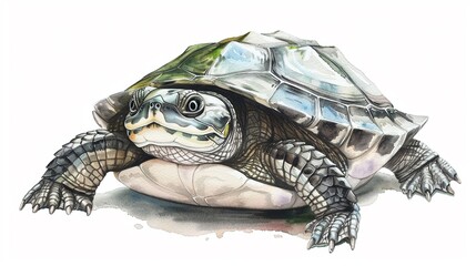 Diamondback terrapin exploring its habitat,Clipart, watercolor illustration, Perfect for nursery art The style is hand  drawn, white background
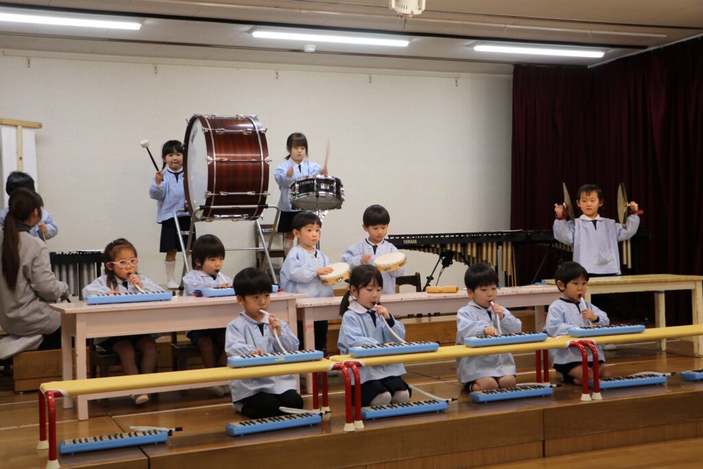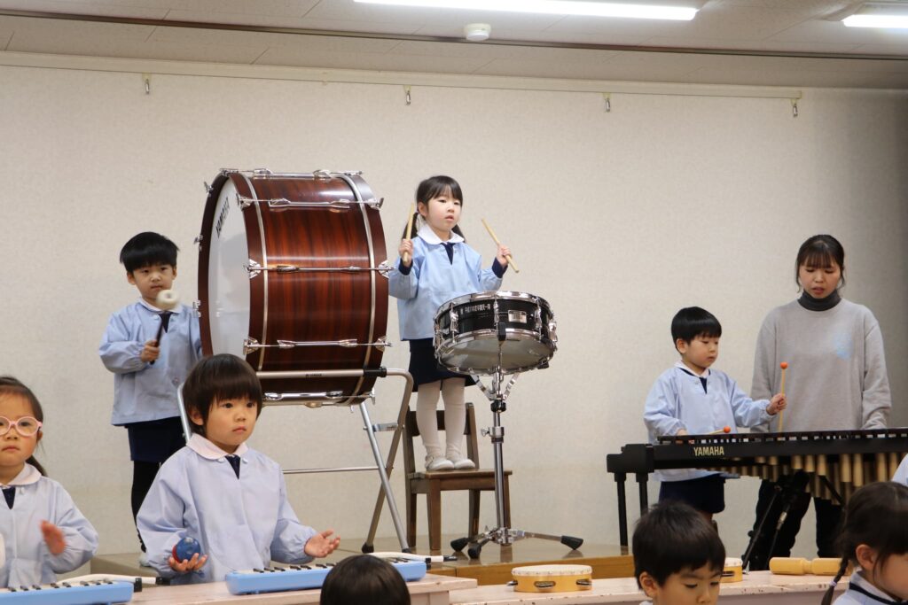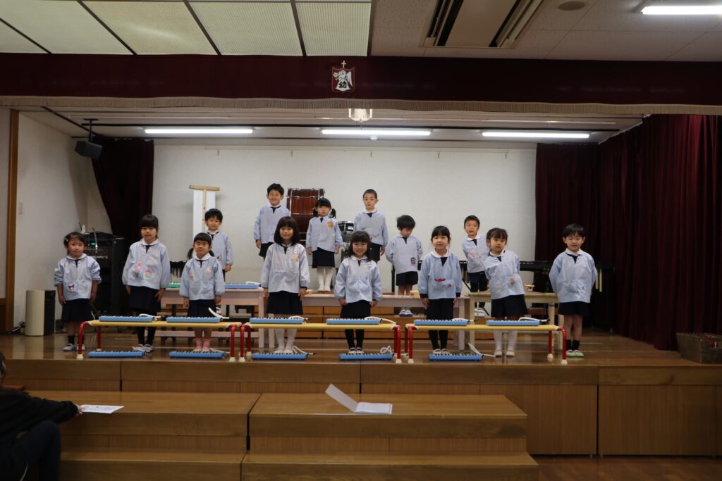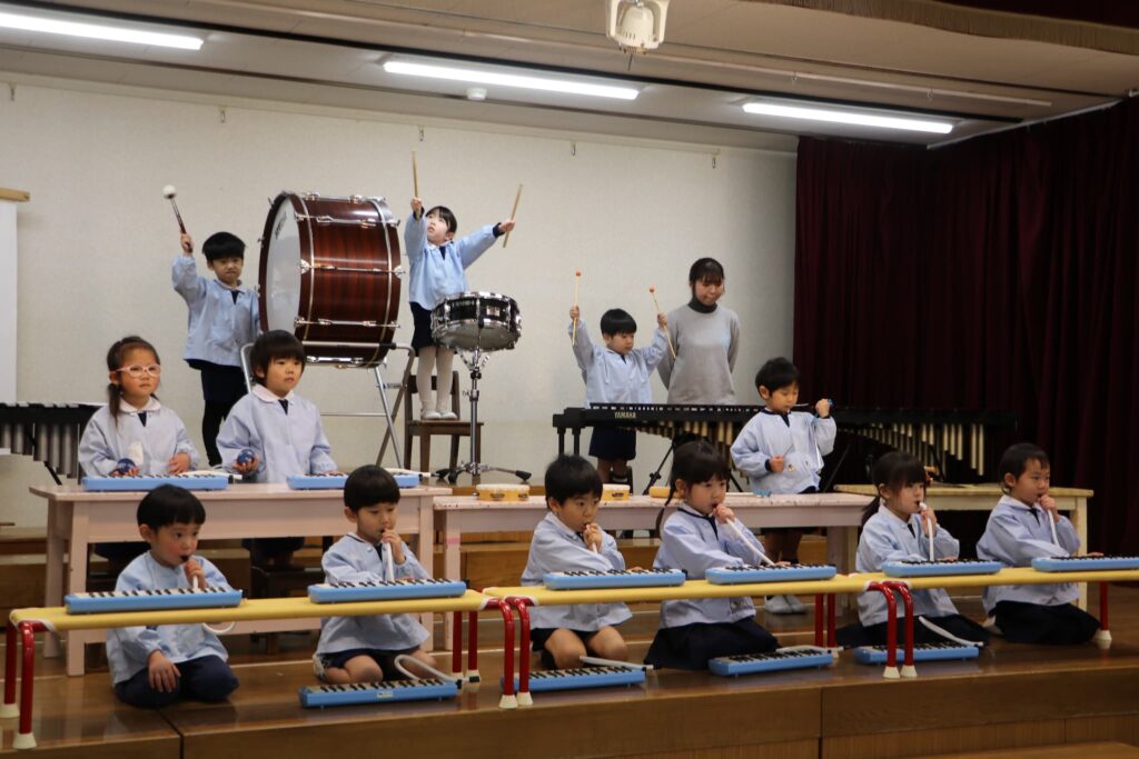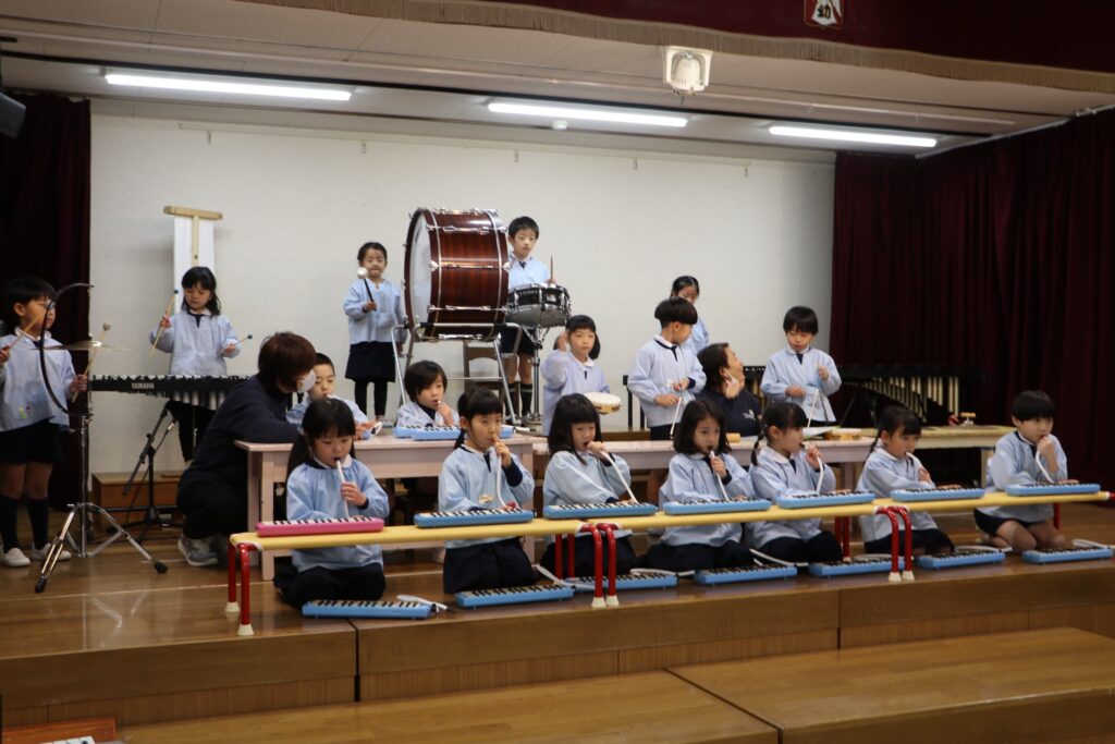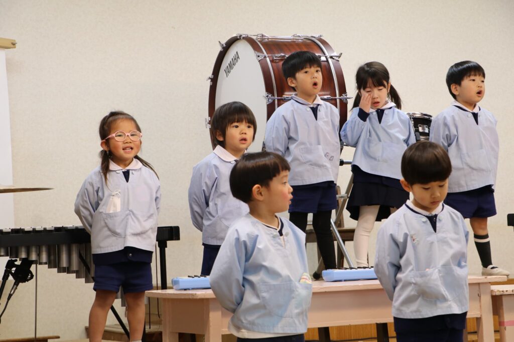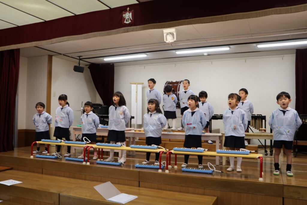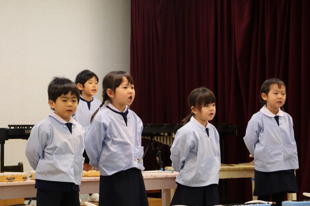 ステージでの練習もずいぶん慣れ、お友達と一緒に息を合わせて歌い、演奏することがとても楽し様子の子どもたちです。本番まであと2週間。時間はあっという間に過ぎていきますが、子どもたちが一生懸命取り組む一瞬、一瞬を大切に過ごしていきたいと思います♪
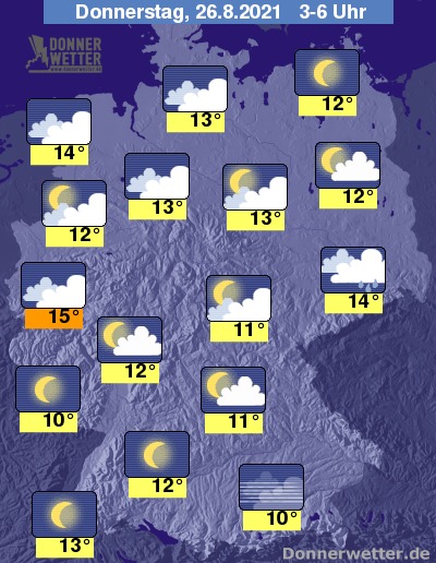 In der Nacht zum Donnerstag ist es in einem breiten Streifen von Niedersachsen und NRW bis nach Sachsen meist stark, teils aufgelockert bewölkt, dazu können sich über Sachsen einzelne Schauer bilden, sonst sind nur selten Schauer möglich. Über dem übrigen Land ist der Himmel hingegen meist locker bewölkt oder sternenklar, dazu bleibt es trocken. Die Temperatur sinkt auf 15 Grad in Köln und bis 10 Grad in München.

**TASK DESCRIPTION**
For this step, transcribe all the material above exactly and drop the images.

**ANSWER SPACE**
 Diamondback terrapin exploring its habitat,Clipart, watercolor illustration, Perfect for nursery art The style is hand  drawn, white background
 ステージでの練習もずいぶん慣れ、お友達と一緒に息を合わせて歌い、演奏することがとても楽し様子の子どもたちです。本番まであと2週間。時間はあっという間に過ぎていきますが、子どもたちが一生懸命取り組む一瞬、一瞬を大切に過ごしていきたいと思います♪
 In der Nacht zum Donnerstag ist es in einem breiten Streifen von Niedersachsen und NRW bis nach Sachsen meist stark, teils aufgelockert bewölkt, dazu können sich über Sachsen einzelne Schauer bilden, sonst sind nur selten Schauer möglich. Über dem übrigen Land ist der Himmel hingegen meist locker bewölkt oder sternenklar, dazu bleibt es trocken. Die Temperatur sinkt auf 15 Grad in Köln und bis 10 Grad in München.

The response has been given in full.